INSTRUCTIONS TO FOLLOW: Using the records below, write out again exactly the lines that begin at the line containing "10 цен на Набор" and end at the line containing "Now dip bread", and no other lines.

DATASET EXCERPTS:
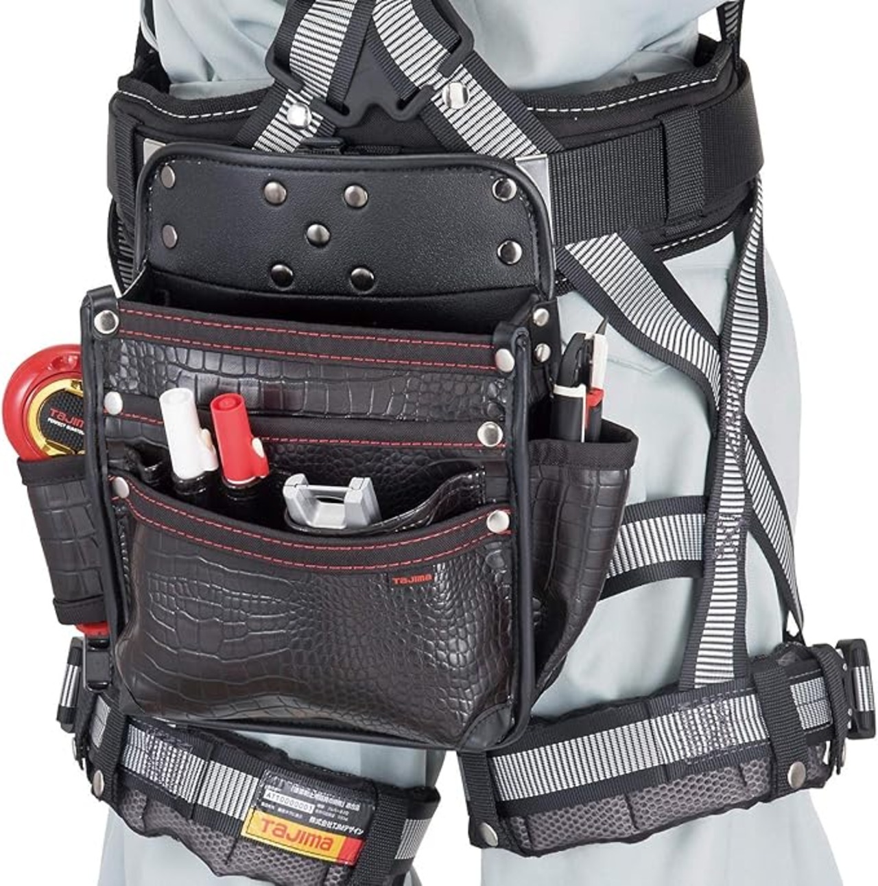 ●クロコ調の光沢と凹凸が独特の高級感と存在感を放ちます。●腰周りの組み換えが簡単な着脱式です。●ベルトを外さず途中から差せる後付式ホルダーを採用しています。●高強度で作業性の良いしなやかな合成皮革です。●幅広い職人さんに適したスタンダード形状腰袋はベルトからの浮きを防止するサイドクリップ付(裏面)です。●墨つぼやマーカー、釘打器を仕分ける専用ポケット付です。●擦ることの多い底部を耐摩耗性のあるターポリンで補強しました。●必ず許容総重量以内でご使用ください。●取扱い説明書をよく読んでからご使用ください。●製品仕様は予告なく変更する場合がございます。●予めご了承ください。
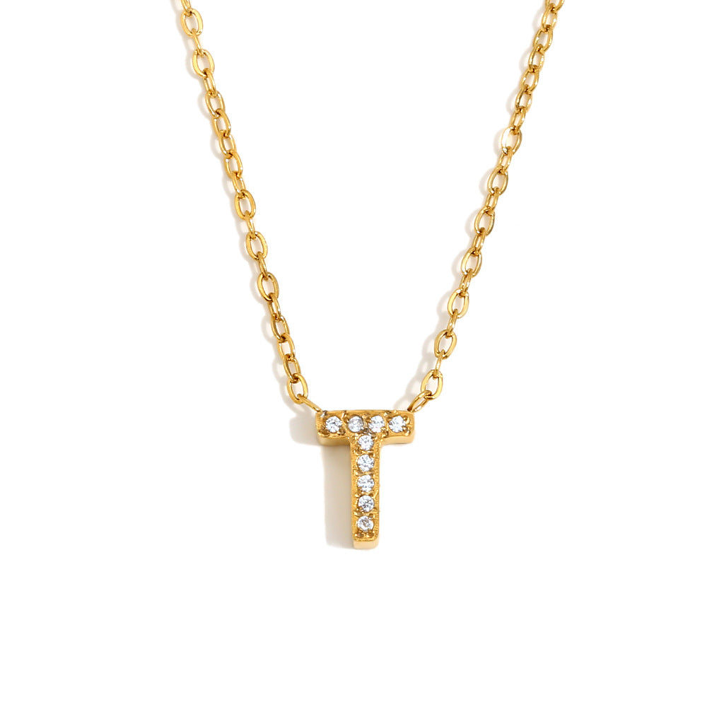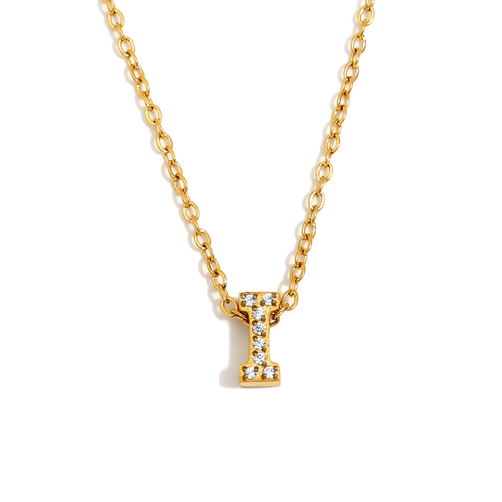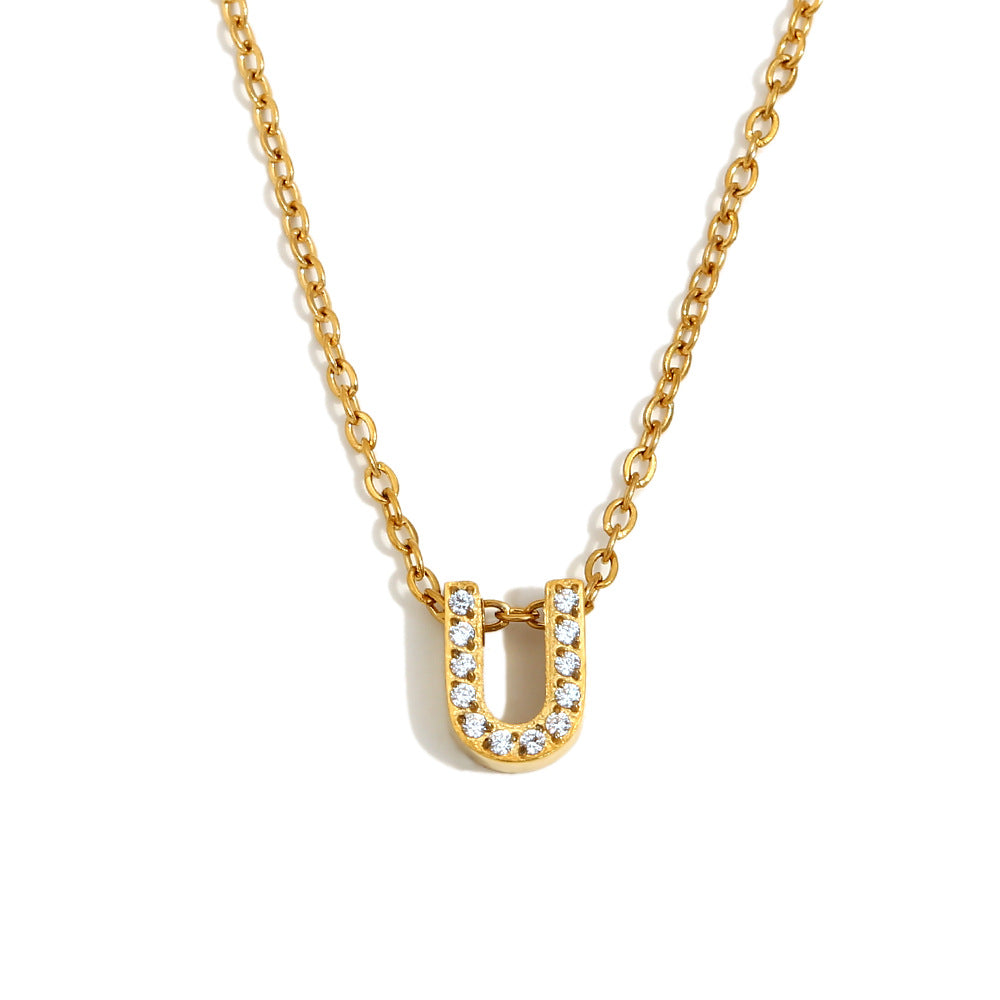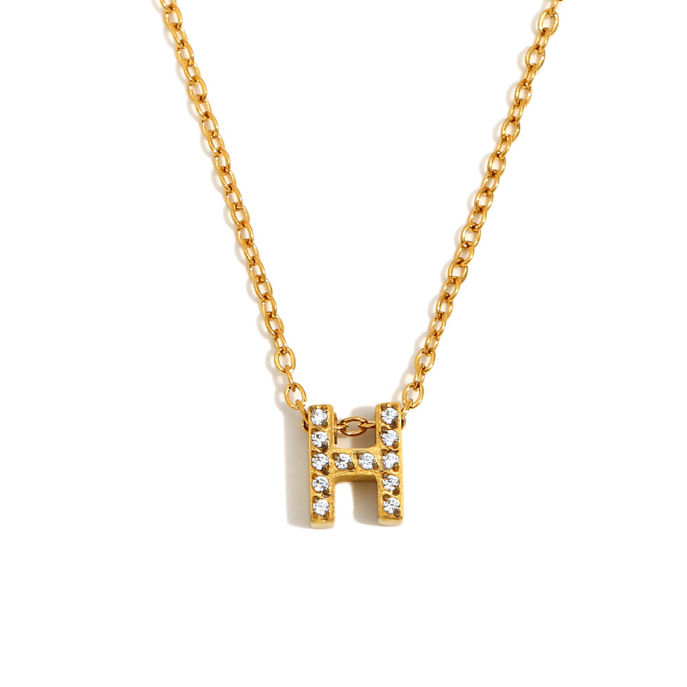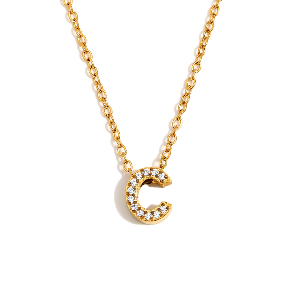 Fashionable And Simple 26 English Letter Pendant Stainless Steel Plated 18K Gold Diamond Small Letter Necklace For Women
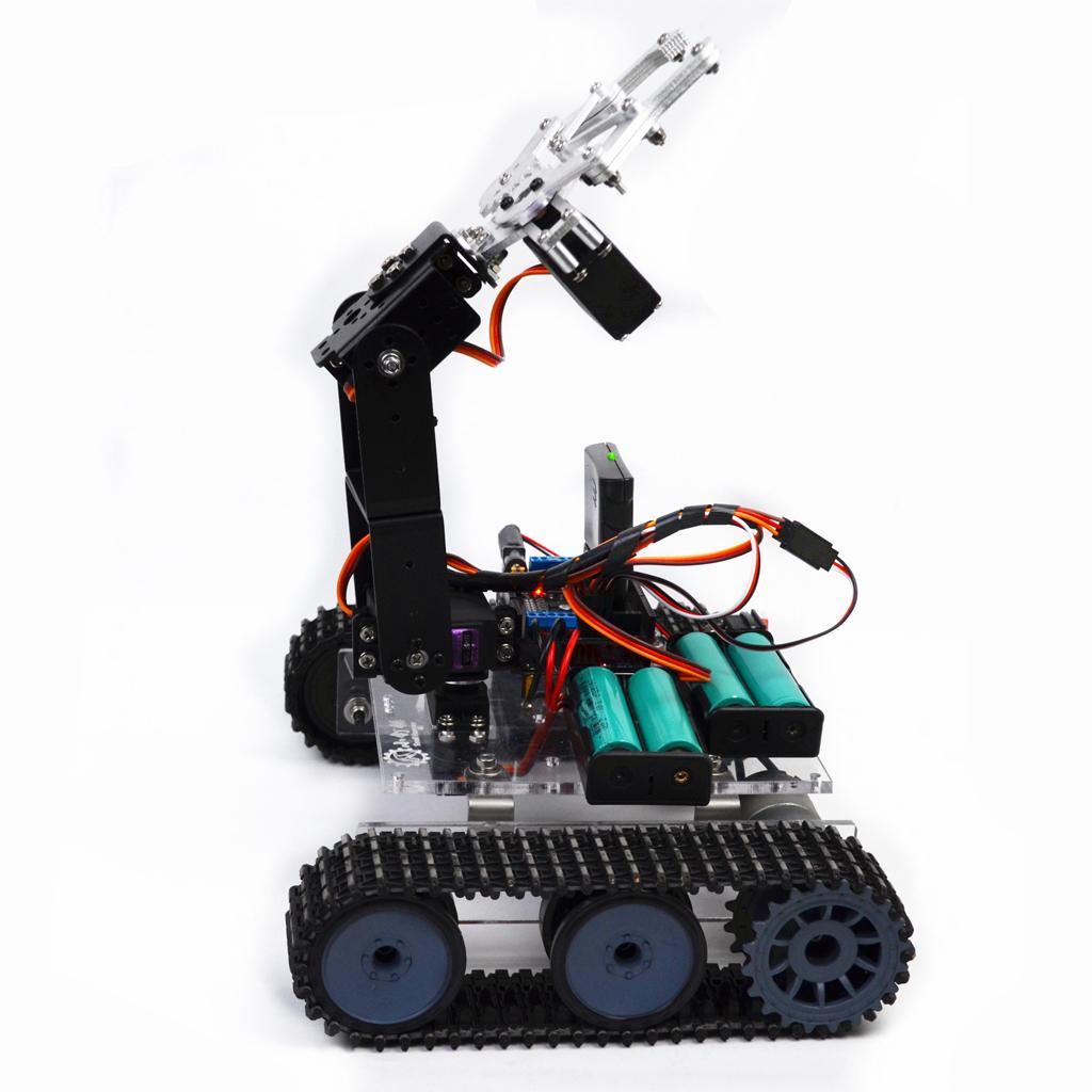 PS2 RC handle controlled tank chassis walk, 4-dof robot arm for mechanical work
==
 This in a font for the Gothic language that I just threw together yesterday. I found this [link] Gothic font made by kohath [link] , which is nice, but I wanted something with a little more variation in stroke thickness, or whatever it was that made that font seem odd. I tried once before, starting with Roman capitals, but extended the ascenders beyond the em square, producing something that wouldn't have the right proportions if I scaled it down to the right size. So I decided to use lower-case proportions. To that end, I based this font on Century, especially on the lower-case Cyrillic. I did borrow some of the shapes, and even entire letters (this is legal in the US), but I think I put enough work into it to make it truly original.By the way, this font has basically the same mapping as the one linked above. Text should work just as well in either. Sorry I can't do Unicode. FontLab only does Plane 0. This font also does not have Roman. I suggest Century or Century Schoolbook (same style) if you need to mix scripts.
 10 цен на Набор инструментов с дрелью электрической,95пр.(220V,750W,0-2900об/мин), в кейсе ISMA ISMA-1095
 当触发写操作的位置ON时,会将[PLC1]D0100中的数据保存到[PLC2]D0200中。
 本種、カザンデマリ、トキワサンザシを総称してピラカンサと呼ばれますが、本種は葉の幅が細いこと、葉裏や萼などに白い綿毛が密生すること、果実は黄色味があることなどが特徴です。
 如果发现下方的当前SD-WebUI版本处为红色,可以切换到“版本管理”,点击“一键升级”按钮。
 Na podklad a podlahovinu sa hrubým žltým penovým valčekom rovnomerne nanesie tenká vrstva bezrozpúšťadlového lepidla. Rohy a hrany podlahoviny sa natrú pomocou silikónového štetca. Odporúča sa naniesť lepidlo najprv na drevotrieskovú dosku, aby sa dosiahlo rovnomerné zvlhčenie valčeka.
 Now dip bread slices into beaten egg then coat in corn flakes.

COMPLETED TASK:
 10 цен на Набор инструментов с дрелью электрической,95пр.(220V,750W,0-2900об/мин), в кейсе ISMA ISMA-1095
 当触发写操作的位置ON时,会将[PLC1]D0100中的数据保存到[PLC2]D0200中。
 本種、カザンデマリ、トキワサンザシを総称してピラカンサと呼ばれますが、本種は葉の幅が細いこと、葉裏や萼などに白い綿毛が密生すること、果実は黄色味があることなどが特徴です。
 如果发现下方的当前SD-WebUI版本处为红色,可以切换到“版本管理”,点击“一键升级”按钮。
 Na podklad a podlahovinu sa hrubým žltým penovým valčekom rovnomerne nanesie tenká vrstva bezrozpúšťadlového lepidla. Rohy a hrany podlahoviny sa natrú pomocou silikónového štetca. Odporúča sa naniesť lepidlo najprv na drevotrieskovú dosku, aby sa dosiahlo rovnomerné zvlhčenie valčeka.
 Now dip bread slices into beaten egg then coat in corn flakes.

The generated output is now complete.